Just want to try it? Open the live demo — no setup required.

To run it yourself or contribute, follow the steps below.

Prerequisites

  • Node.js 20 or higher
  • A GitHub account with access to GitHub Models
  • A GitHub Personal Access Token with Models: Read-only permission

Installation

git clone https://github.com/TheMEGALODON55681/PixelForge.git
cd PixelForge
npm install

Configuration

Create a .env.local file in the project root:

GITHUB_MODELS_TOKEN=your_github_pat_here

Run locally

npm run dev

Open http://localhost:3000.

Keyboard shortcuts

Key Action
⌘V / Ctrl+V Paste a screenshot from the clipboard
⌘Enter / Ctrl+Enter Forge / re-forge code
⌘C / Ctrl+C Copy generated code
⌘S / Ctrl+S Download generated code
⌘H / Ctrl+H Toggle the history drawer
⌘/ / Ctrl+/ Show the shortcuts panel
Esc Close any open dialog

Design decisions

A few choices worth flagging:

Why GitHub Models instead of OpenAI directly? GitHub Models is a free, OpenAI-compatible inference endpoint that gives access to GPT-4o-tier models without billing setup. The Vercel AI SDK works with it via createOpenAI({ baseURL }). GitHub Models supports the Chat Completions API but not the newer Responses API, so the provider is called via .chat() explicitly.

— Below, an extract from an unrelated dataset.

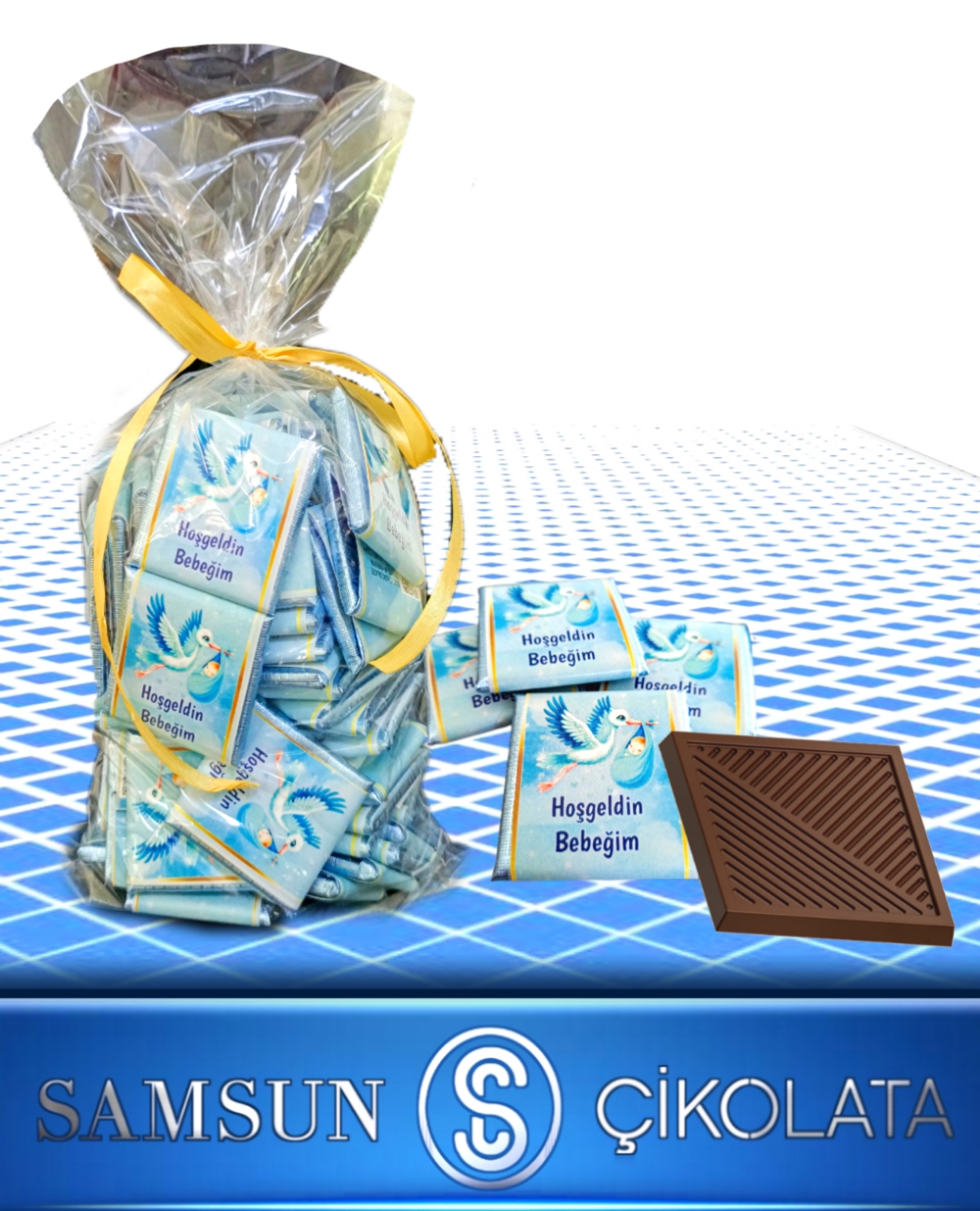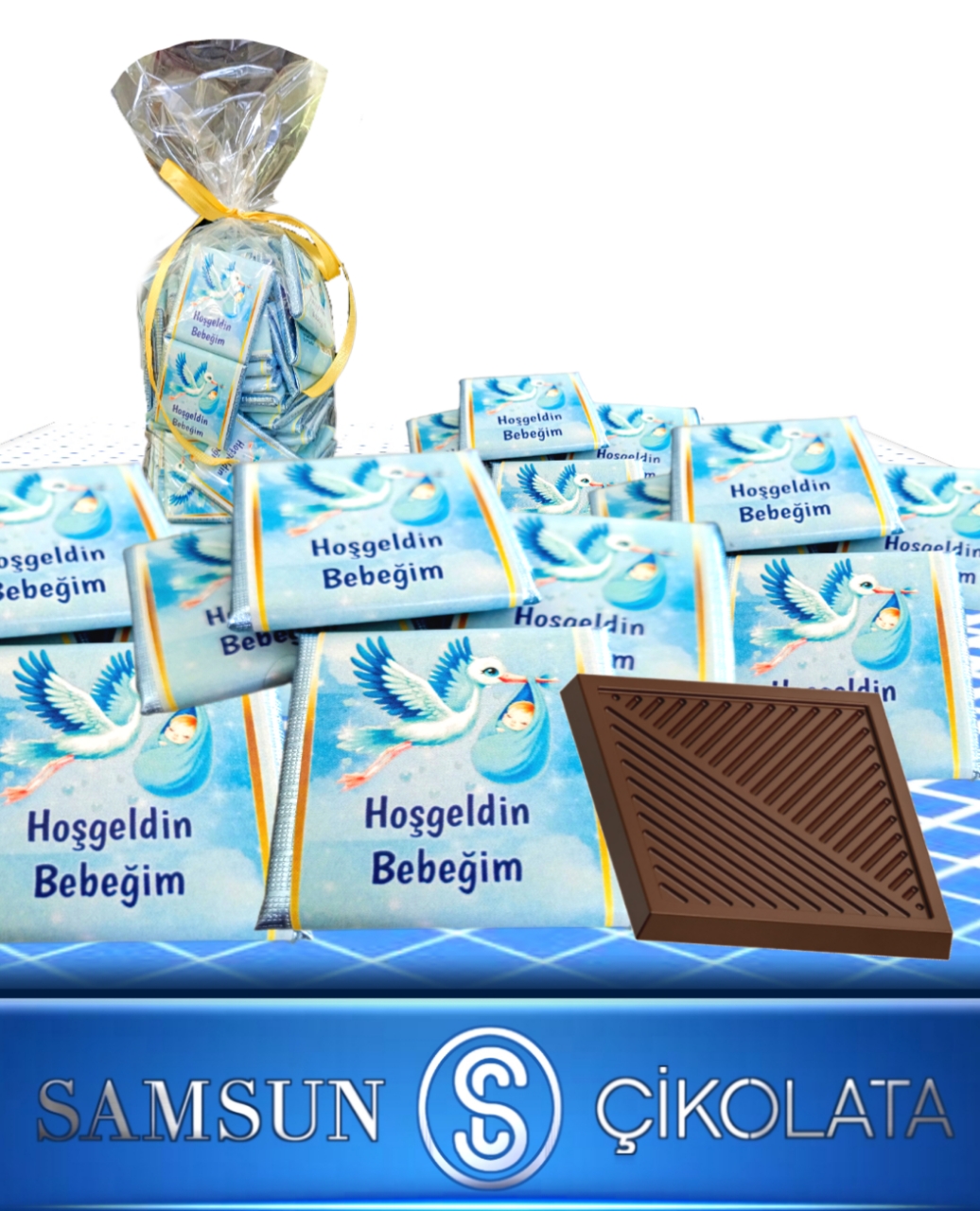 Bsc Chocolate 72 Adetli Özel Leylek Figürlü Kuşak Sargılı Erkek Bebek Temalı Sütlü Madlen Çikolata.
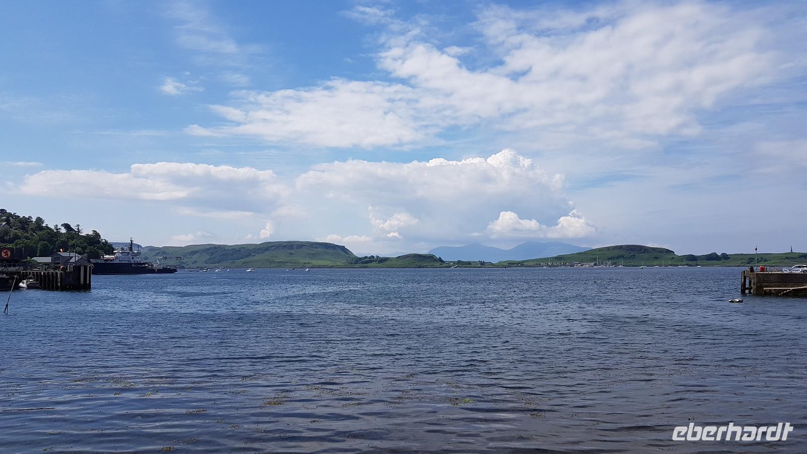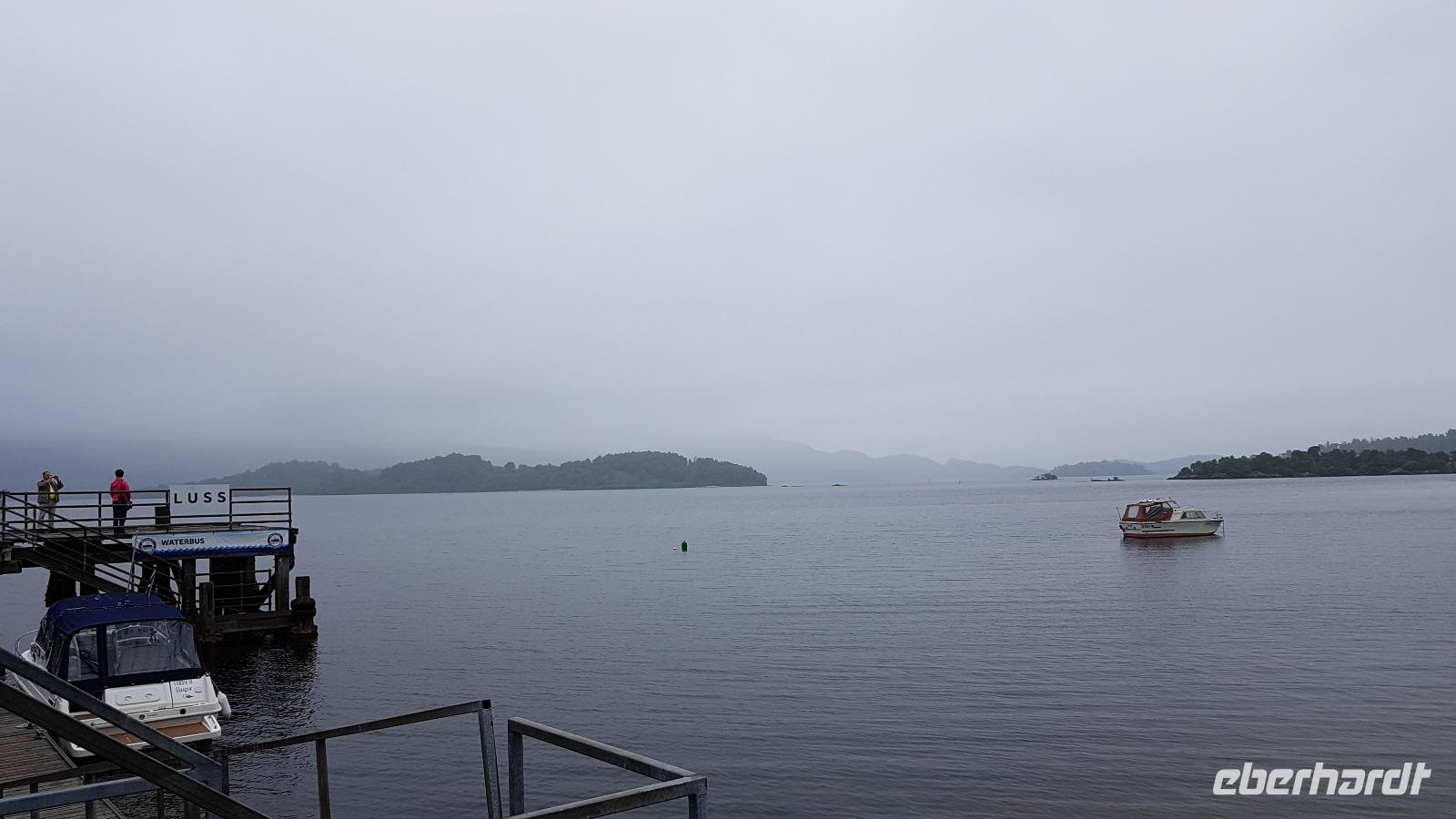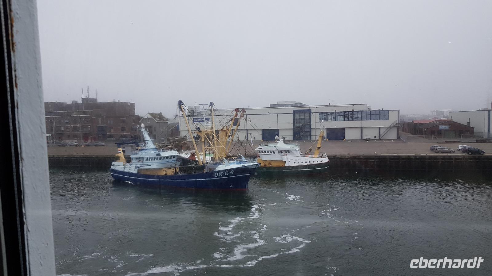 Morgens um 3 Uhr „noch vor dem Aufstehen" also treffen sich die ersten Gäste in Dresden am Flughafen. Von hier startet unsere Reise nach Schottland, zuerst einmal zur Fähre nach Amsterdam/ Ijmuiden. Diese soll 17:30 Uhr ablegen, um dafür den Check In zu erreichen müssen wir also zeitig los. Immerhin liegen mehr als 800 Kilometer vor uns. Zügig kommen wir voran und nach Zustiegen in Hainichen, Teufelstal, Neudietendorf und Reinhardshain ist unsere Bus-Gruppe komplett. Weitere Gäste werden morgen direkt in Glasgow eintreffen. Nach den obligatorischen Pausen am Rasthof Rimbach, Sauerland Ost und dem Mittags-Imbiss mit Bordservice in Isselburg kommen wir gegen 15:15 Uhr endlich am Fährhafen an. Dabei haben wir 4 Bundesländer/Freistaaten durchquert und die Niederlande. Leider hat auch das Wetter allerhand zu bieten, unterwegs von allem etwas: Sonne, Regen, Nebel, Niesel - so jetzt auch beim Ablegen. Dichter Nebel legt sich über das Meer und so sind wir nicht traurig, dass wir bereits beim Abendessen sitzen, als die Fähre ablegt. Das Buffett bietet für jeden etwas und manch einer fühlt sich hinterher wie das kleine Teufelchen aus dem Trickfilm „Omas Geburtstag". Dann fordert das zeitige Aufstehen seinen Tribut: Wir verkrümeln uns Richtung Koje, Schlafen klingt einfach wunderbar.

Why streaming? Vision generation takes 20–30 seconds. Without streaming, the UI freezes and feels broken. With streaming, the first token arrives within ~2 seconds and the user can read the markup as it forms — perceived latency drops by an order of magnitude.

Why an iframe with Tailwind Play CDN for preview? Generated HTML uses arbitrary Tailwind classes that can't be known at build time. Rendering inline would require runtime JIT in the parent app and risks style leakage. A sandboxed iframe with srcDoc solves both: it loads Tailwind via CDN for runtime compilation, and sandbox="allow-scripts" (without allow-same-origin) isolates generated content from the host app.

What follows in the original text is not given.